You say you are not a rugby man, but ... you are a political man ... the Springbok rugby team, the Springbok jersey--these were symbols of apartheid repression ...

Absolutely.

And there was Mandela wearing that jersey.

... if you want to know about the political aspect of it, I think Nelson simply demonstrated how he was caught in a time warp. Even though he was released from Robben Island, he was still living in the '50s. It was a slap in the face for black people in terms of a political statement, that you take something like the Springbok emblem, and the Springbok rugby jersey on top of that, wear it, and black people must have felt appalled that this could be done. Politically, I think it was the worst thing that he could have done, in terms of representing black people. From the point of view of what everybody is now calling the rainbow nation, I suppose, ja. You know, who's in the rainbow nation? What have we got, about 13% whites and add another five or six percent black people into that, and that's your rainbow nation. Because at least 80% of people in this country don't know the meaning of the word rainbow, because they're still struggling to survive--living in poverty, homeless, jobless.
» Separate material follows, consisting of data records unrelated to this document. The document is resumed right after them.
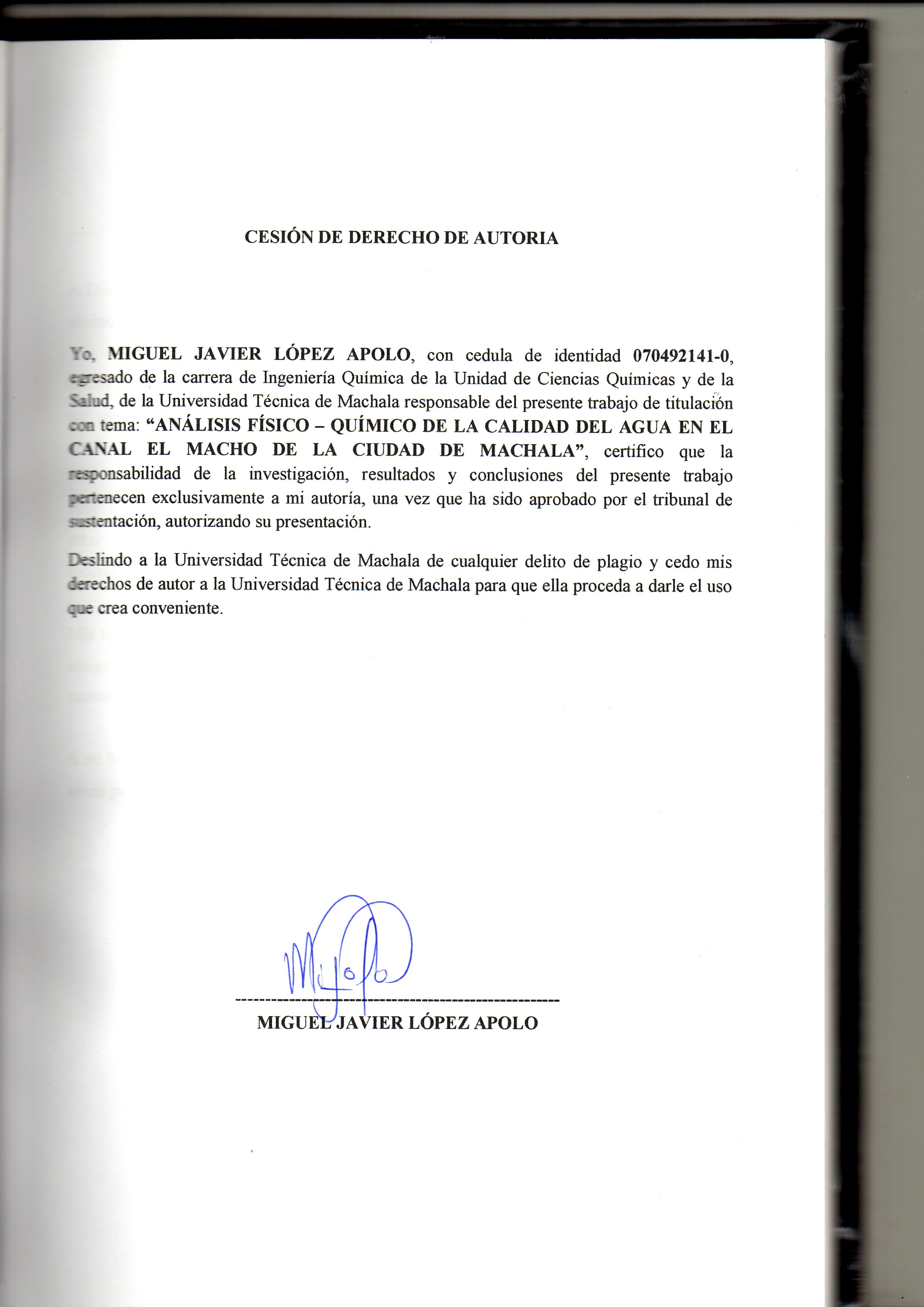 López Apolo, M. J. (2015). Análisis físico-químico de la calidad del agua en el canal El Macho de la ciudad de Machala (tesis de pregrado). UTMACH, Unidad Académica de Ciencias Química y de la Salud, Machala, Ecuador.
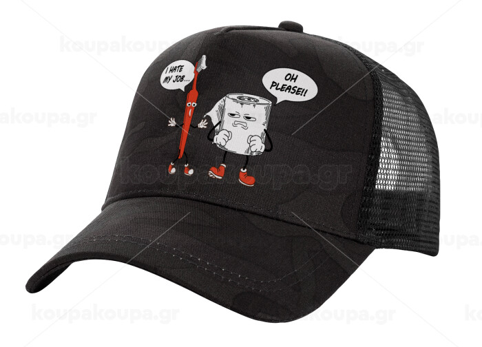 I hate my job, Adult Structured Trucker Hat, with Mesh, Dark Army (100% COTTON, ADULT, UNISEX, ONE SIZE)
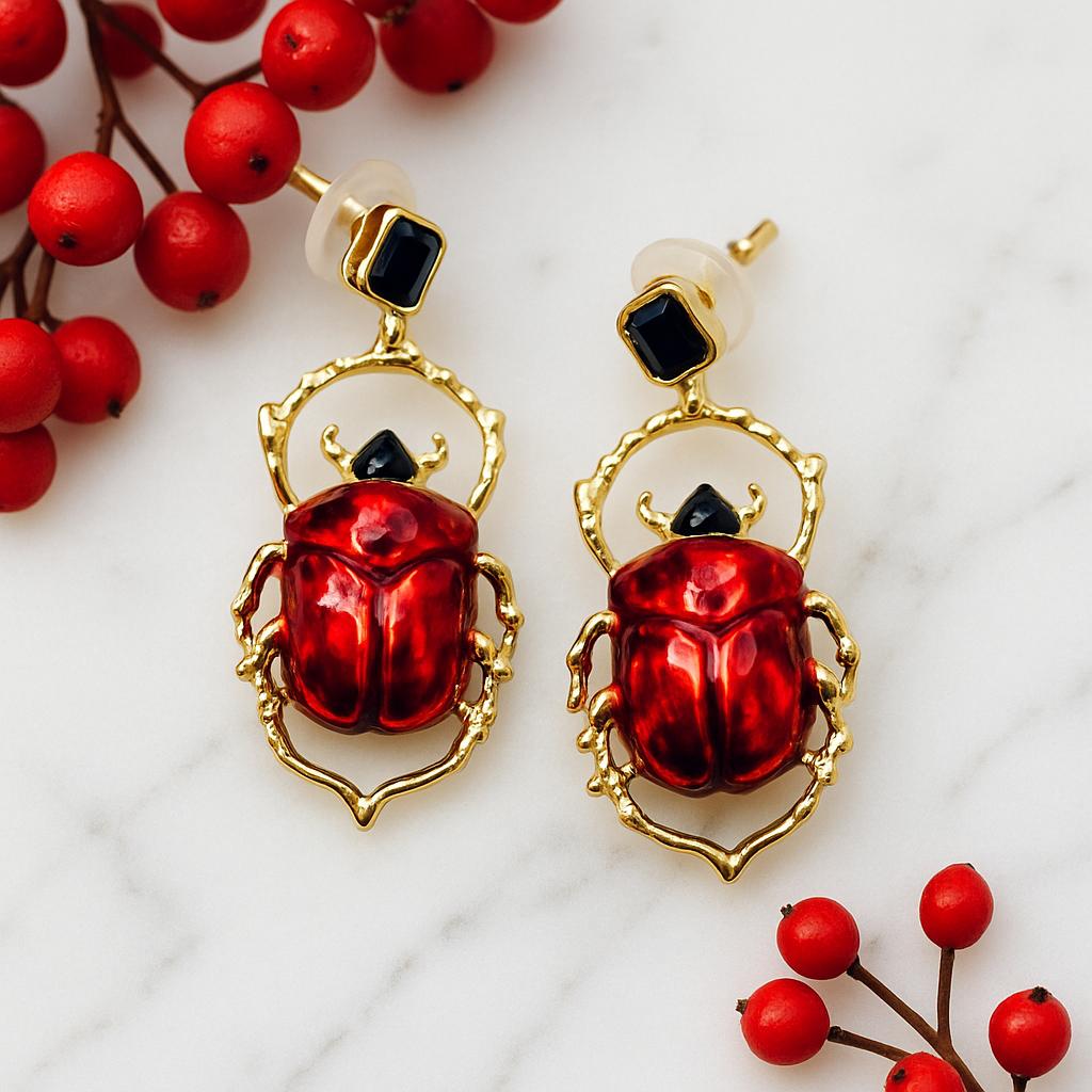 Bu çarpıcı küpeler, yüksek kaliteli metal ve dayanıklı kaplama malzemeleri kullanılarak üretilmiştir. Kırmızı renk, enerji ve tutku simgesi olarak bilinir; bu nedenle bu küpe, her ortamda dikkatleri üzerinize çekmeyi garantiler. Büyük böcek motifleriyle tasarlanan bu ürün, hem modern hem de bohem stiline uyum sağlar.

People we've talked to in government who were involved in those pre-release negotiations ... tend to give the impression that they were engineering the whole process, and they thought it all out. They were prodding and pushing Mandela into action, whereas, of course, on the ANC side, you would hear ... that Mandela manipulated and wooed and duped people like of Niel Barnard and Kobie Coetsee ...

I think both sides were doing their own kind of dance. Certainly, on the side of the Nationalist government, and clearly with the assistance of some international governments, or other governments being involved in it, were looking to find a model leader from within the black community, who could take this country to a process which will largely leave it intact while putting on a facade of democracy. So that both parties would not be wrong.

Because from the point of view of the Nationalists, they were looking for this kind of strategy by the mid '80s they certainly had to accelerate it. That is why they were making these kind of mid-stream maneuvers, and allowing the doors to be opened for discussions in Lusaka, and discussion here and discussions there. Because by that time, what Nelson had done was probably to convince the people internally and externally that this is the road to follow, and that he would be able to manage this delicate process of negotiations. So that neither would be wrong. They both would be right. But what we need to look at is who won in the end. My analysis of what is happening in this country today is that I think Niel Barnard and them won. That is how I see it. So Niel Barnard would be right and the ANC people would be right. It was happening from both sides.